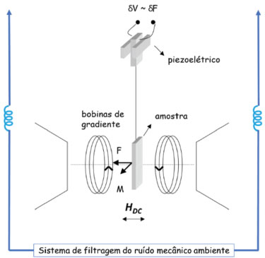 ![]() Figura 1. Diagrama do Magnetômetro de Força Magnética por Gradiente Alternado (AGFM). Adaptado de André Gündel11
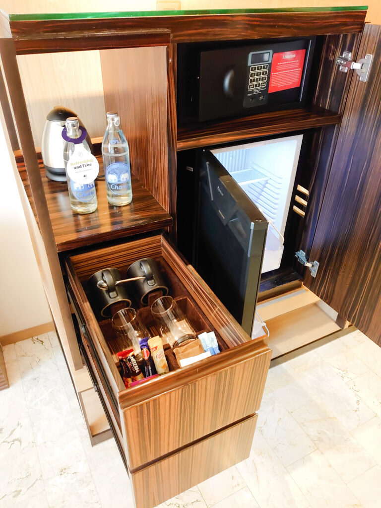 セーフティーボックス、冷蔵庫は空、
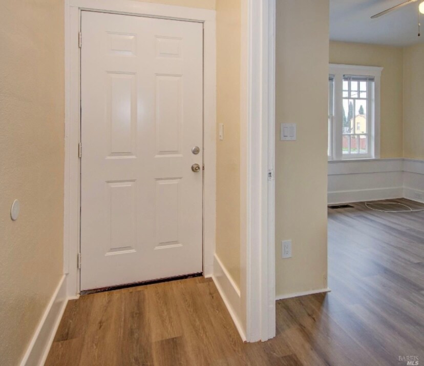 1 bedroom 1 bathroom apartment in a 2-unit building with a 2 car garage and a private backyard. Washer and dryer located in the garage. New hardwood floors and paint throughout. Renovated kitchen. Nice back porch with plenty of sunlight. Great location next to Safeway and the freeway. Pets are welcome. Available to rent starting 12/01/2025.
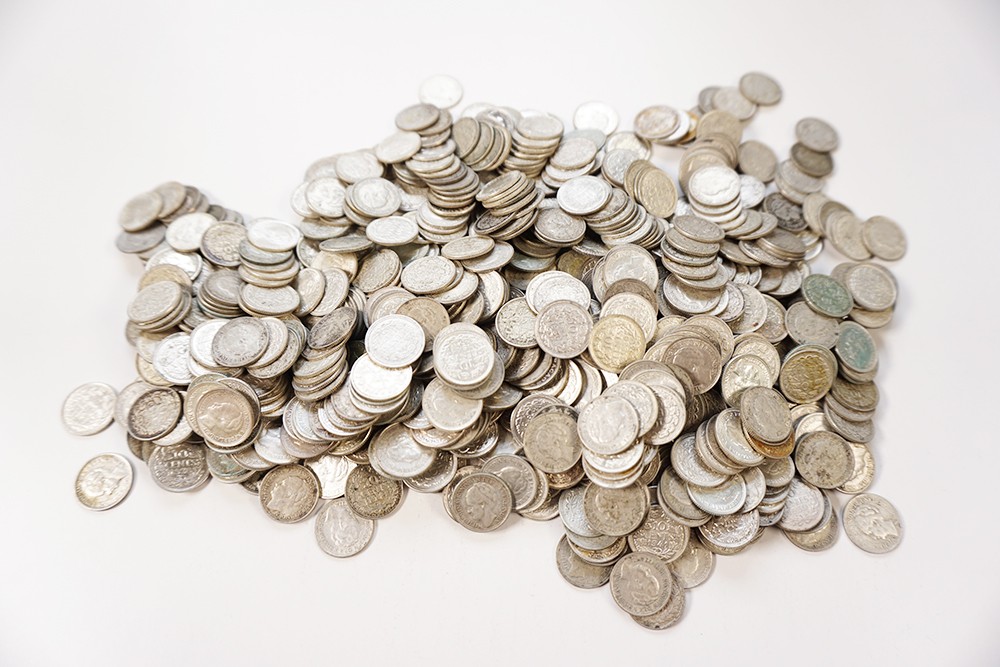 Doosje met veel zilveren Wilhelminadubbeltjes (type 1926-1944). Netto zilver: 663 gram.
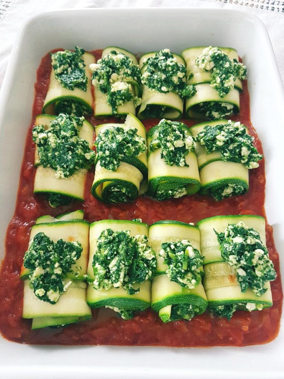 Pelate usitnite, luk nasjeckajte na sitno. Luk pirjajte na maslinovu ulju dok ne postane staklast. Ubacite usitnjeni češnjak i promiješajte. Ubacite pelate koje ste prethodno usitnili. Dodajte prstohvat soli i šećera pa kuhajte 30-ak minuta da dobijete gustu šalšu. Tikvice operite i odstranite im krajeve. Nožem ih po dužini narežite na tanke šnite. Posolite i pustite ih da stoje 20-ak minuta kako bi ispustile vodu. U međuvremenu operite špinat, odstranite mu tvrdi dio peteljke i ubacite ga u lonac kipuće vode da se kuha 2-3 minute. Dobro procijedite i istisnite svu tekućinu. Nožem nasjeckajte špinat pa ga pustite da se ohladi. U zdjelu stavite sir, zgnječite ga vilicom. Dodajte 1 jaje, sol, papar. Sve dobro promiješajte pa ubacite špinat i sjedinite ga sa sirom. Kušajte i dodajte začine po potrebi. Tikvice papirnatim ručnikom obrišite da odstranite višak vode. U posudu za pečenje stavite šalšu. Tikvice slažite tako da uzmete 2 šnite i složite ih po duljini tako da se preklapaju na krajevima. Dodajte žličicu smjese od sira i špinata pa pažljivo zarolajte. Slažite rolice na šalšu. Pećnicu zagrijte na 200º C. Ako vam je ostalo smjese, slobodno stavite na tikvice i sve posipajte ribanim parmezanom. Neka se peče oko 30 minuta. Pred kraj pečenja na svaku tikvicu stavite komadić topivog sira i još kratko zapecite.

**What is expected:** Restate each line from the start of the listing through the line bearing "Doosje met veel" word for word. Drop the pictures.

**Answer section:**
 ![]() Figura 1. Diagrama do Magnetômetro de Força Magnética por Gradiente Alternado (AGFM). Adaptado de André Gündel11
 セーフティーボックス、冷蔵庫は空、
 1 bedroom 1 bathroom apartment in a 2-unit building with a 2 car garage and a private backyard. Washer and dryer located in the garage. New hardwood floors and paint throughout. Renovated kitchen. Nice back porch with plenty of sunlight. Great location next to Safeway and the freeway. Pets are welcome. Available to rent starting 12/01/2025.
 Doosje met veel zilveren Wilhelminadubbeltjes (type 1926-1944). Netto zilver: 663 gram.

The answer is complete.